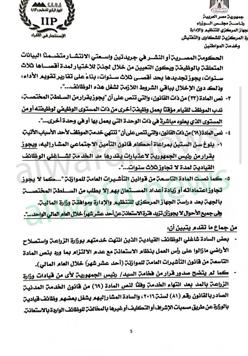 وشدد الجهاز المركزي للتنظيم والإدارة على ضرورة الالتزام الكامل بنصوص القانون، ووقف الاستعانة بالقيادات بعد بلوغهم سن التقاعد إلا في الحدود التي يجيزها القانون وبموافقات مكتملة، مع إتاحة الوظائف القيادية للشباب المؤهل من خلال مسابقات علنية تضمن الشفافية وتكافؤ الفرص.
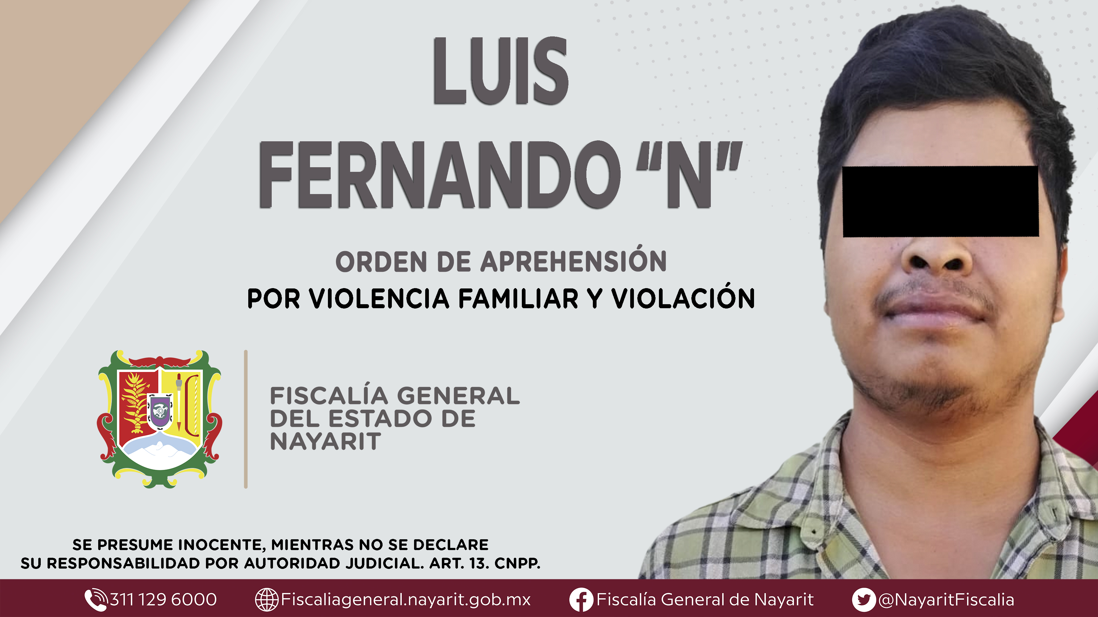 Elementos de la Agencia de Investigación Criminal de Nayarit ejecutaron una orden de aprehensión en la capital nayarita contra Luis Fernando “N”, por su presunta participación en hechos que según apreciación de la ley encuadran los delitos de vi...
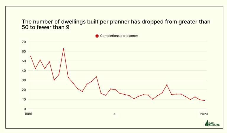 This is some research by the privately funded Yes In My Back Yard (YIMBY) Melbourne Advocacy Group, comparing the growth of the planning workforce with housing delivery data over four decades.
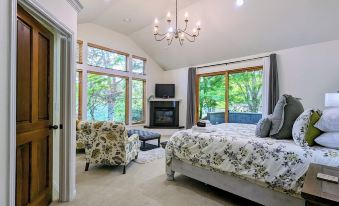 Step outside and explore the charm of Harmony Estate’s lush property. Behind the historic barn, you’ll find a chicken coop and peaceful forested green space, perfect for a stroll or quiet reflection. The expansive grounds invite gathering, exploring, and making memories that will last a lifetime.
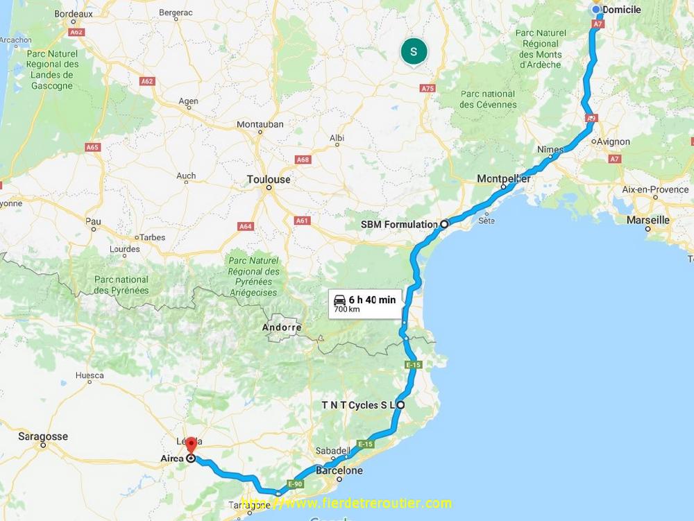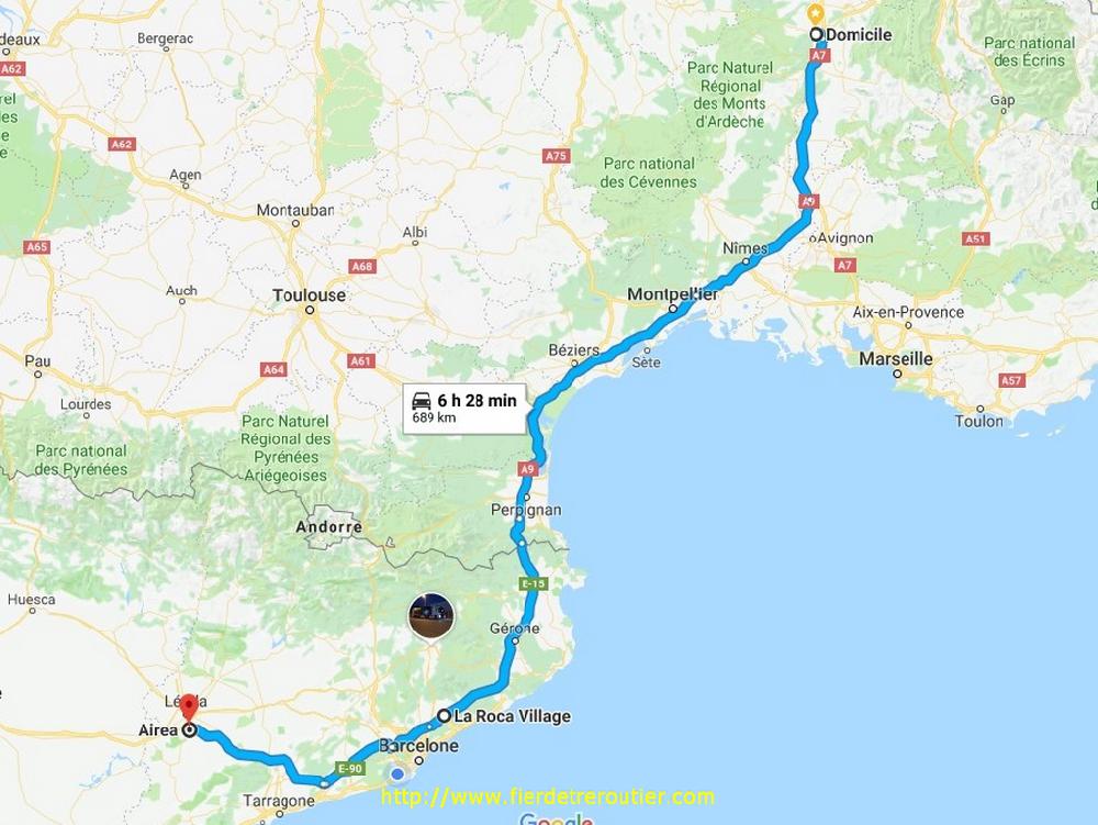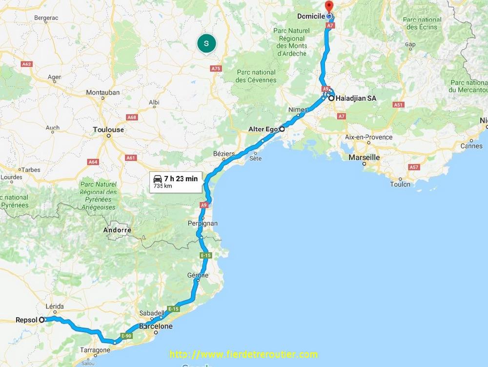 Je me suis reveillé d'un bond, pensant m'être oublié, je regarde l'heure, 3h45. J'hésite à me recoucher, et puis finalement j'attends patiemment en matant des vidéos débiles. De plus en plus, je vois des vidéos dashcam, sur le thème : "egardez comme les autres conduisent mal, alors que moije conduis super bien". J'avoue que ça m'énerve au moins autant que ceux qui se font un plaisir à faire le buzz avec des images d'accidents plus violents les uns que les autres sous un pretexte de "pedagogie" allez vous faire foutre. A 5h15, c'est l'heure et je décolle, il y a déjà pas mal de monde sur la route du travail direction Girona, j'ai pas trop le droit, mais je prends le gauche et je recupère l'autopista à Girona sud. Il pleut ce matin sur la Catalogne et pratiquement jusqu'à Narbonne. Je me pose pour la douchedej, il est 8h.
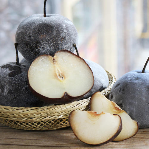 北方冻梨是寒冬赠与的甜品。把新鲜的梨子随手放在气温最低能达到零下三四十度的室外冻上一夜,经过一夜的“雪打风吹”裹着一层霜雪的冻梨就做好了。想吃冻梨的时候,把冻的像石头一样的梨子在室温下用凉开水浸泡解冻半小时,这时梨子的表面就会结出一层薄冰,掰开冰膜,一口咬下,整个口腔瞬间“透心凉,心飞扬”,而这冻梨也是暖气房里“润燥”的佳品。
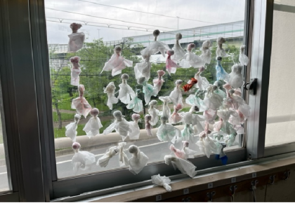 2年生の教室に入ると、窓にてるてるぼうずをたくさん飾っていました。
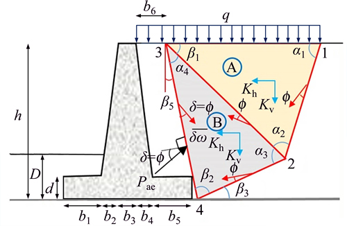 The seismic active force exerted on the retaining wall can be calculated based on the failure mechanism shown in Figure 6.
----
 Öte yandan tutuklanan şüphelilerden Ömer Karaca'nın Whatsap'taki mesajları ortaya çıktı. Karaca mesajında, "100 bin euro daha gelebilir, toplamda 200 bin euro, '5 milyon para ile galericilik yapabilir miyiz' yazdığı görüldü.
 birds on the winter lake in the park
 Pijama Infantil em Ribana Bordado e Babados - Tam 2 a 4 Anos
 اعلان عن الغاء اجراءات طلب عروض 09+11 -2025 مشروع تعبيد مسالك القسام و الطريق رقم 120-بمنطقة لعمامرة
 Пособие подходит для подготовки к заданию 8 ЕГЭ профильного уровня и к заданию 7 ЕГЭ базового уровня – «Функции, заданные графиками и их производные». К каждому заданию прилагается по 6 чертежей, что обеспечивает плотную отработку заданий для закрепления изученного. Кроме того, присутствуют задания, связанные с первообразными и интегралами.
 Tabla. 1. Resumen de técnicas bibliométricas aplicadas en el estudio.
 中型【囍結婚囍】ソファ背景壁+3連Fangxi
----
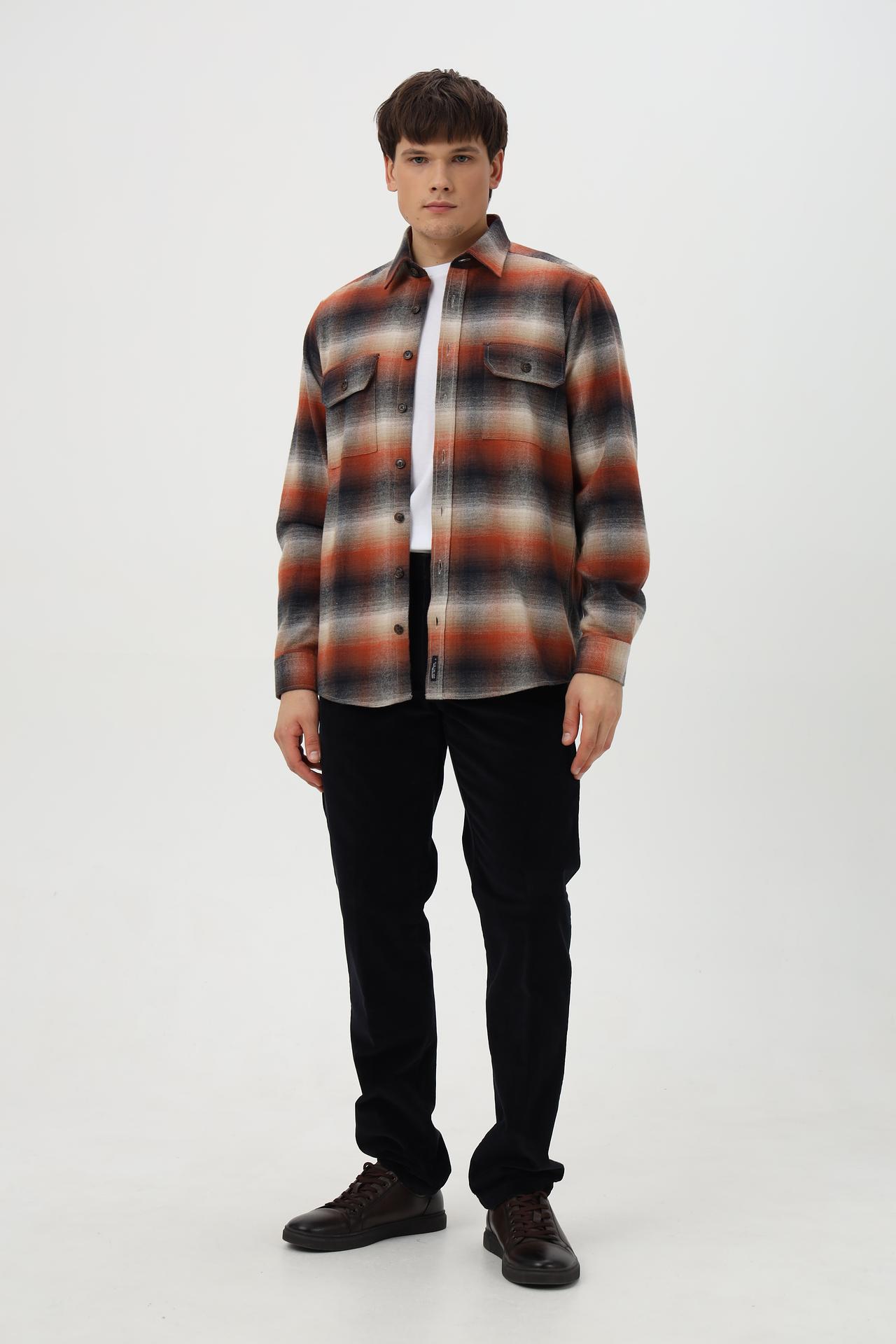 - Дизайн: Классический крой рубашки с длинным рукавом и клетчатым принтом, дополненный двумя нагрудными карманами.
----
Would you retype exactly the lines above, from the line with "Tabla. 1. Resumen" to the line with "中型【囍結婚囍】ソファ背景壁+3連Fangxi", with both end lines kept and nothing more?

**Answer box**
 Tabla. 1. Resumen de técnicas bibliométricas aplicadas en el estudio.
 中型【囍結婚囍】ソファ背景壁+3連Fangxi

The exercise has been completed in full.